Hmm - sounds like I'd better do that straight away


----------



## colinwil (Oct 12, 2008)

One thing about CopyKern...

The first time I ran it, it backed up the old kernel (to /mnt) - but then it gave an error - "/cdrom/s1_kernels/kernel-3.1/vmlinux-3.1.px" can not be found.

I'm not a linux expert, so I had to dig a bit for the solution:

You've got to 'mount' the cd rom device before running CopyKern.

I went back to the lines of system information and found that my CD was 'hdc', and my (new, 500Gb) hdd was 'hdb' ( I swapped things round since my last post!)

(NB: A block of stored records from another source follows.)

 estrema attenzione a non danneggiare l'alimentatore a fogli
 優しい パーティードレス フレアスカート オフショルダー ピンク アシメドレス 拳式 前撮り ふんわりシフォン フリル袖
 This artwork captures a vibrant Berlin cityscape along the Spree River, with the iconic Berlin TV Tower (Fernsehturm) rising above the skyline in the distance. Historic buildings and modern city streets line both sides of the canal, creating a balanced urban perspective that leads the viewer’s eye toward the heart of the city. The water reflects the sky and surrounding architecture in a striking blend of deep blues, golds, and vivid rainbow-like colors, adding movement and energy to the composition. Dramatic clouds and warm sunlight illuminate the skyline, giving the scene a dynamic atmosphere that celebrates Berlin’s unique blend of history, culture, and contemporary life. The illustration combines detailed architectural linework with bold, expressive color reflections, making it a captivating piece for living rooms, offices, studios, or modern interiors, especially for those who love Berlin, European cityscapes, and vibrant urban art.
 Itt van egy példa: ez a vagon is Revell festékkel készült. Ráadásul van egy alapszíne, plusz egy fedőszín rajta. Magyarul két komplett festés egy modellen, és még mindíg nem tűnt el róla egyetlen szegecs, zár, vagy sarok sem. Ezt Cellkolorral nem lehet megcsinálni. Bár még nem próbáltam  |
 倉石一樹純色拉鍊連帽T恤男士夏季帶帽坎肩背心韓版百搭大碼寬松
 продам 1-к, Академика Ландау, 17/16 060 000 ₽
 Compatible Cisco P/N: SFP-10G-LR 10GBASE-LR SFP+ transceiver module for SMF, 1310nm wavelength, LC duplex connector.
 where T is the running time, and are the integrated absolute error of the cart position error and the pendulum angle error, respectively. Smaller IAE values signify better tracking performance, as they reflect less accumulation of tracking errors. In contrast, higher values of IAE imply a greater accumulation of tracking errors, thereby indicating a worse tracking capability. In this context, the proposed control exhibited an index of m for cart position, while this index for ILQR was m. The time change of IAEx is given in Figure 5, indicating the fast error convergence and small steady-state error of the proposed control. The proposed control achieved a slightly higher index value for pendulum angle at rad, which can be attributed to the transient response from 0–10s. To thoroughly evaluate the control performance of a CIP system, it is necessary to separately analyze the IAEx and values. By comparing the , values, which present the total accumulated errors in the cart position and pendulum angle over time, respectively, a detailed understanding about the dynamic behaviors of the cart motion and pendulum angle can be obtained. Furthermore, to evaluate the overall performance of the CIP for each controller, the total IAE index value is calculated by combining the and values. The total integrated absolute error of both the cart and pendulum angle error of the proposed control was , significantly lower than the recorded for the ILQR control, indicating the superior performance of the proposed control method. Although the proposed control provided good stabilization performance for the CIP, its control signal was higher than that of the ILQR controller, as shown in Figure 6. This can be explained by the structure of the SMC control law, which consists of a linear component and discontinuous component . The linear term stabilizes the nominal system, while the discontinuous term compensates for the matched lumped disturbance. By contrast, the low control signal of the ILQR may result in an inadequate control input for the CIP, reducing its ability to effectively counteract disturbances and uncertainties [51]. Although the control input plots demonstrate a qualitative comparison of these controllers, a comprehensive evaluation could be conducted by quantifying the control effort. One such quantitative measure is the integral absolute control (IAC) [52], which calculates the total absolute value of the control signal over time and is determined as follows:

To mount the CDROM device I typed 'mount /dev/hdc /cdrom

I then ran CopyKern and it worked successfully


----------



## blindlemon (May 12, 2002)

colinwil said:


> Damn! Well I'm not going to go through the 5 hours copying again, so I'll just have to risk it - I've never had a GSOD yet. If I do ever get one I can always do the whole process again from my original TiVo disk. Is there a table somewhere that shows what the '-s' values mean, and what is optimal for particular disk sizes?


The swap should be at least half as much in mb as the drive size in gb as a general rule of thumb. So for a 500gb drive you would need at least 250mb swap (the -s value).

There is a possible workaround in your situation as long as your software version is 2.5.5 and your system partition is 4.

As your swap partition (8) is adjacent to the unused 'spare' system partition (7) you can boot from the LBA48 boot CD in byteswapped mode (enter *vmlnodma hdx=bswap* at the "Boot:" prompt) and then use pdisk to merge the two partitions, creating a new 'spare' partition of 1 block in size instead of the 128mb currently used. This will increase your swap to 239.5mb which _should _be enough to allow a GSOD to run and complete.

After doing this you need to run copykern again to re-initialise the new swap.


----------



## blindlemon (May 12, 2002)

colinwil said:


> To mount the CDROM device I typed 'mount /dev/hdc /cdrom


The CD seems to assume that your CDROM will be on hdb, so this would have worked with your original configuration


----------



## threadkiller (Dec 12, 2002)

blindlemon said:


> Yes, just boot from the LBA48 boot CD (It contains a copy of mfstools) and then run the command using /dev/hdc or whatever ports your source and target drives are attached to.
> 
> There's no need to mount anything - just remember to run copykern and choose kernel option 1 after doing the drive copy


Cheers for that Steve. BL to the rescue again, If I didn't have to keep the recordings I'd have opted for the easy option & bought a new configured drive  :up:


----------



## colinwil (Oct 12, 2008)

blindlemon said:


> The CD seems to assume that your CDROM will be on hdb, so this would have worked with your original configuration


On my original configuration the CDROM was hdd (secondary slave) 

copykern's menu option give hdb..hdg as possible destinations for the kernel, so maybe it's assuming that hda is the CD?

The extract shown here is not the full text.